Flash Accel the next level of Virtual Storage Tiering
This new capabilities will soon become one of the most important components of NetApp’s virtual storage tiering (VST) architecture, a set of technologies that combines solid state memory at multiple places in the storage hierarchy with capacity optimized disk architecture that
- Efficiently Uses various forms of storage class memory in the optimal locations
- Is Simple to install and is self managing over time
- Allows for dynamic changes to quality of service policies
- Provides Real Time Response to changing workload patters
- Minimizes HDD I/O’s to allow for denser (and hence cheaper) HDD architectures
- Gives Very high performance and very low latency with consistent performance
- Is Resilient to failures
- Scales non-disruptively
- Stays at the forefront of innovation
While Virtual storage tiering architecture is compelling today but there is still more goodness to come, and in upcoming blog posts I’ll delve more deeply into Flash Accel and our partners offering and how this combines with Flash Cache, and Flash Pool, and if I’m allowed 🙂 I’ll give some hints into what’s coming in the future
Part of a Long Term Plan
Even if I cant tell you too much about what’s coming, to give you an idea about where we’ve come from, in November 2010 I put up a diagram in a blog post on Archiving. That diagram was by that time already two years old, and the original dates from the time of PAM-I, the DRAM based precursor to Flash Cache 2008.
That proposal document from mid 2008 actually had the words “Virtual Storage Tiers” and Intelligent Storage Caching, which pre-dated pretty much every other vendors’ announcements around their plans for Fully Automated Storage Tiering by about a year. I say this, not to disparage our competition, but to point out that taking advantage of storage class memory has been something we’ve been committed to for quite some time, and that is why I’m so excited to see these announcements today.
If I were to update this, I’d probably just have one large pool of 3TB drives, and maybe a small quantity of 600GB 10K drives, even so, the same basic rule applies, a small number of capacity optimised physical disk pools with QOS based software “Tiers” sitting on top of them. This is something that’s been core to the way we think about tiering and was enabled firstly by PAM-I then substantially expanded with the release of Flash Cache in 2009. That approach has been incredibly successful since then with over 1.2 Exabytes of physical disk accelerated by 15 Petabytes of Flashcache.
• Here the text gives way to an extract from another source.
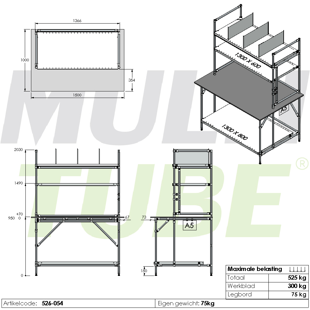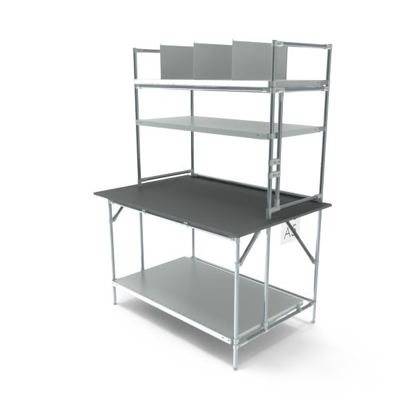 Onder én boven het werkblad bevindt zich een stevig legbord, ideaal voor het opbergen van dozen, bakken en andere benodigdheden. Je kunt eenvoudig meerdere extra legborden toevoegen voor nog meer opbergruimte. Elk legbord is belastbaar tot 75 kilo, waardoor je veilig onderdelen, gereedschappen of verpakkingsmateriaal kunt opbergen en je werkplek overzichtelijk blijft.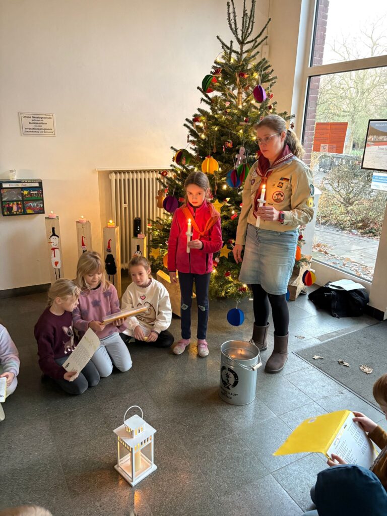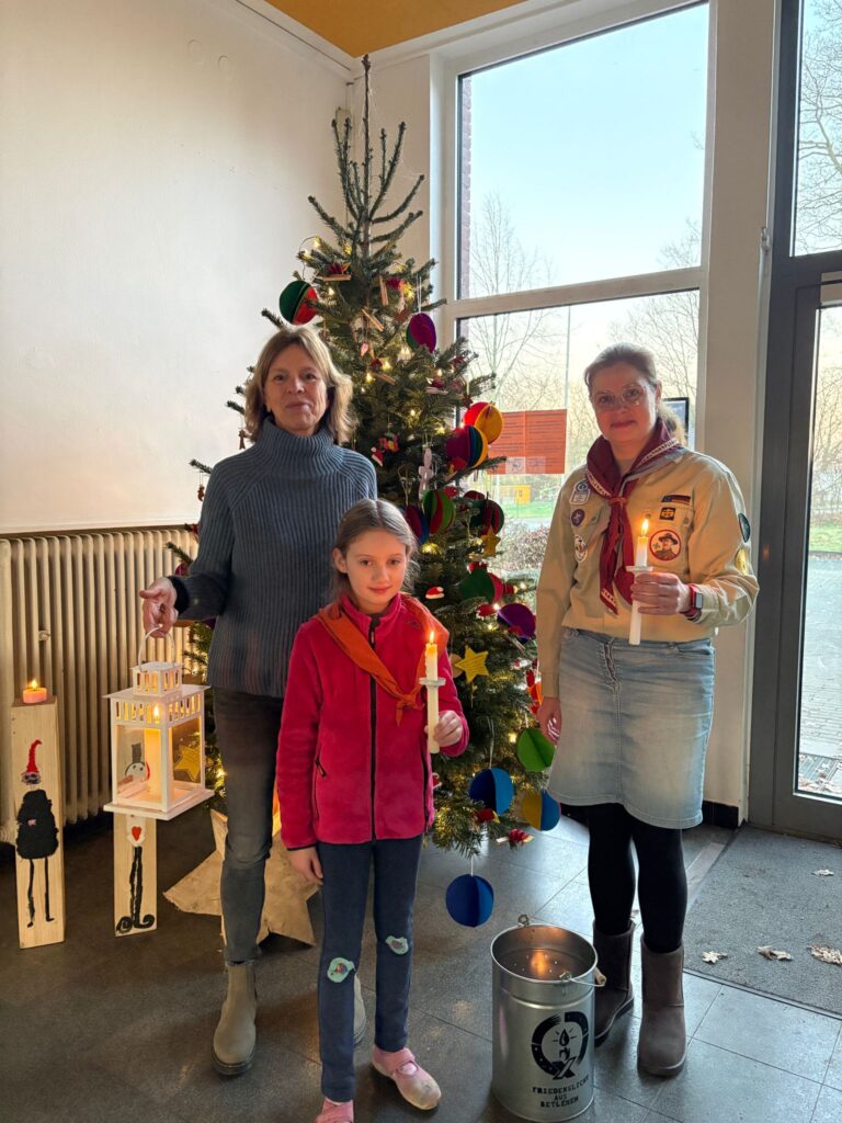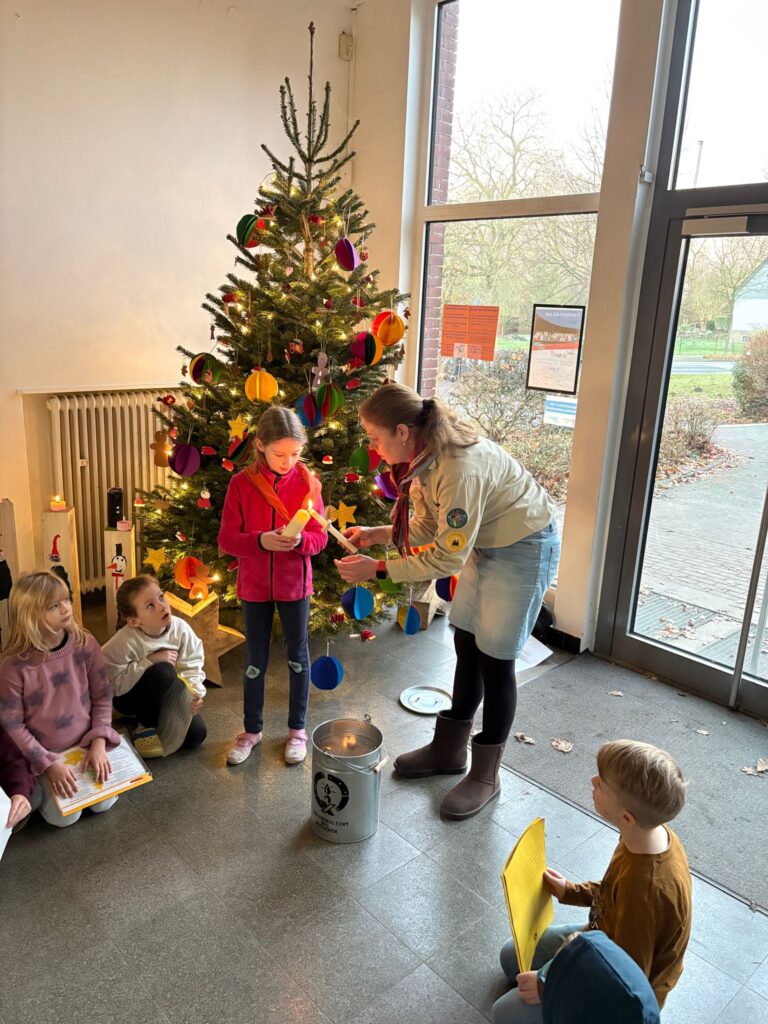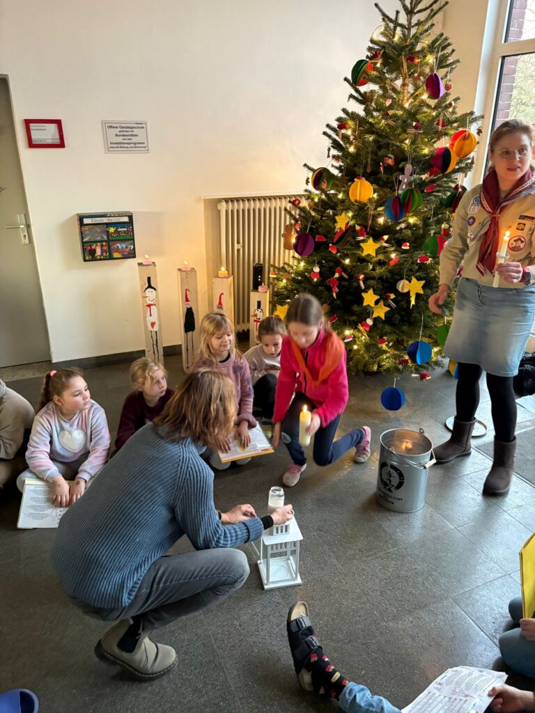 Ein ganz herzlicher Dank gilt Frau Lemke, die das Friedenslicht auch in diesem Jahr wieder zu uns in die Schule gebracht hat. Gemeinsam mit Frieda aus dem 3. Jahrgang sorgte sie für einen ruhigen, eindrucksvollen Moment. Ebenso danken wir den Pfadfindern Hamm-Berge, die das Friedenslicht Jahr für Jahr weitertragen und es möglich machen, dass dieses besondere Zeichen auch bei uns leuchten darf. Ohne dieses Engagement würde das Friedenslicht seinen Weg nicht in so viele Schulen und Familien finden. 🕊️

In June this year, we extended that approach with Flash Pool to include a number of optimisations for random-overwrite intensive workloads as well as extending our VST story to SATA/NL-SAS for more workloads all the way down to the 2220, the smallest array in our FAS family.
One Giant Step ….
Now that Flash Accel is out of the box, the scalability and intelligence of NetApp’s Virtual Storage Tiering approach has taken another major step forward, and this, along with the infinite and immortal characteristics of ONTAP cluster-mode at the back end, will form the basis for an agile data infrastructure that will change the way we think about, design, and deploy mass storage and data management for the next ten years.